DEV Community

Diego
Diego

Posted on • Updated on

AWS Lambda - Step Functions - RDS - S3 - Aurora - Part 1

This is the first post about integrate Step Functions to an specific workflow. It's a public repo with one of my first python code, learning about that too.

How it works

A explanation on how it works can founded here:

Requirementes

  • Chalice 1.1.0
  • Python 2.7

Json For Unique Machine

{
  "Comment": "State machine to populate databases for reports."
  "StartAt": "MySql To S3 Files"
  "States": {
    "MySql To S3 Files": {
      "Type": "Task"
      "Resource": "ARN",
      "ResultPath": "$.guid",
      "Next": "S3 Data To Mysql",
      "Retry": [
        {
          "ErrorEquals": [
            "States.ALL"
          ],
          "IntervalSeconds": 1,
          "MaxAttempts": 3,
          "BackoffRate": 2
        }
      ]
    },
    "S3 Data To Mysql": {
      "Type": "Task",
      "Resource": "ARN",
      "InputPath": "$.guid",
      "End": true,
      "Retry": [
        {
          "ErrorEquals": [
            "States.ALL"
          ],
          "IntervalSeconds": 1,
          "MaxAttempts": 3,
          "BackoffRate": 2
        }
      ]
    }
  }
}

Json For Parallel Machines

{
  "Comment": "State machine to populate databases for reports.",
  "StartAt": "MySql To S3 Files",
  "States": {
    "MySql To S3 Files": {
      "Type": "Task",
      "Resource": "lambda-arn",
      "ResultPath": "$.guid",
      "Next": "InsertDataToMysql",
      "Retry": [
        {
          "ErrorEquals": [
            "States.ALL"
          ],
          "IntervalSeconds": 1,
          "MaxAttempts": 3,
          "BackoffRate": 2
        }
      ]
    },

Objective:

The objective for this post, it's moving data from a MySQL database to S3, and from there to another database.
The case that we are using is from Amazon RDS to Amazon Aurora, it can be another database of course, the idea is connect our new dataset with Bussiness Inteligences tools without affecting the original dataset and with a custom structure.

The first tought was use AWS Data Pipeline, but there are certains behavior that we need to custom.

The idea is have three or more post to get the objective, this is:

  1. An admin database to handle the params, in our case we use:
    • Companies
    • Tables
  2. Moving the data from RDS to S3
  3. Moving the data from S3 to Aurora
  4. Schedule to run the functions
  5. An script to auto-create the information, only setting a customer(company in our use case)
  6. Script to truncate tables, change names and detect that the new data is available.
  7. Lambdas working in parallel with step functions and params for big tables.

In this post i'm going trough the points 1-2-3 and 4.

Admin Database

I'm going to put the structure that i'm using for the two main tables and how we use both:

Companies

I called the table companies, but you can change to customer or whatever you need (it's necessary to change the code to).

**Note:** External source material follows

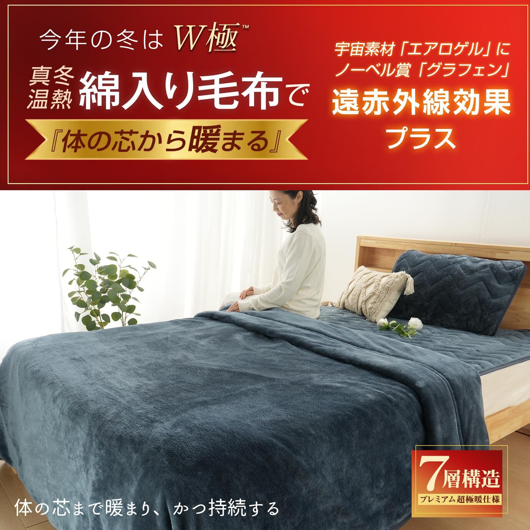 【体温を効率よく循環させる新6層温熱キープ構造】W極暖かい毛布は『ニューマイヤ毛布➡高機能抗菌防臭中わた(抗菌防臭防ダニ層)➡グラフェン入りわた(発熱層1)+アクリレート吸湿発熱わた(発熱層2)➡エアロゲル入りわた(超断熱保温層1)➡アルミ蒸着加工(断熱反射熱2)➡ニューマイヤ毛布』の新6層温熱キープ構造でW極独自の暖かさを作り出します。体温を蓄えて発熱しながらアエロゲルとアルミ蒸着のダブル断熱パワーで体温を逃がさず、反射熱として跳ね返します。外気からの冷気も反射するため、朝までぽかぽか、ぐっすり快眠。

The idea is that we have multiple companies, but only a few need Bussiness Inteligence, so for that companies we set-up a small configuration to get the info in our main database.

Name Description
company_id Unique identifier of the element
status The status represent if it need the report
alias Used to create csv and the bucket of the company
CREATE TABLE `companies` (
  `id` int(11) unsigned NOT NULL AUTO_INCREMENT,
  `company_id` int(11) DEFAULT NULL,
  `status` int(11) DEFAULT '0',
  `alias` varchar(60) DEFAULT NULL,
  PRIMARY KEY (`id`)
) ENGINE=InnoDB AUTO_INCREMENT=5 DEFAULT CHARSET=latin1;
Enter fullscreen mode Exit fullscreen mode

Tables

This table is designed to get the queries related to what information it's needed to be migrated.

Name Description
name Name of the table i.e. users
status Logical status if it's necessary get the information
query_select SQL to get the information
params_select Params for the Select Query
query_insert SQL to insert the information
params_insert Params for the Insert Query
CREATE TABLE `tables` (
  `id` int(11) unsigned NOT NULL AUTO_INCREMENT,
  `name` varchar(255) DEFAULT '',
  `status` int(11) DEFAULT '0',
  `query_select` text,
  `params_select` text,
  `query_insert` text NOT NULL,
  `params_insert` text NOT NULL,
  PRIMARY KEY (`id`)
) ENGINE=InnoDB AUTO_INCREMENT=9 DEFAULT CHARSET=latin1;
Enter fullscreen mode Exit fullscreen mode

This is an real example, in the future version I wanna do a better approach to handle params.
The related insert is going to be a detect the table "users" and get the data accordingly the value of query_select using the params_query values, with this information the CSV is generated and inserted in S3.

When the function that insert the data run, it's going to execute the insert in the field query_insert with the params of params_insert. Here you can put any information and play with the structure of the dataset with your business needs.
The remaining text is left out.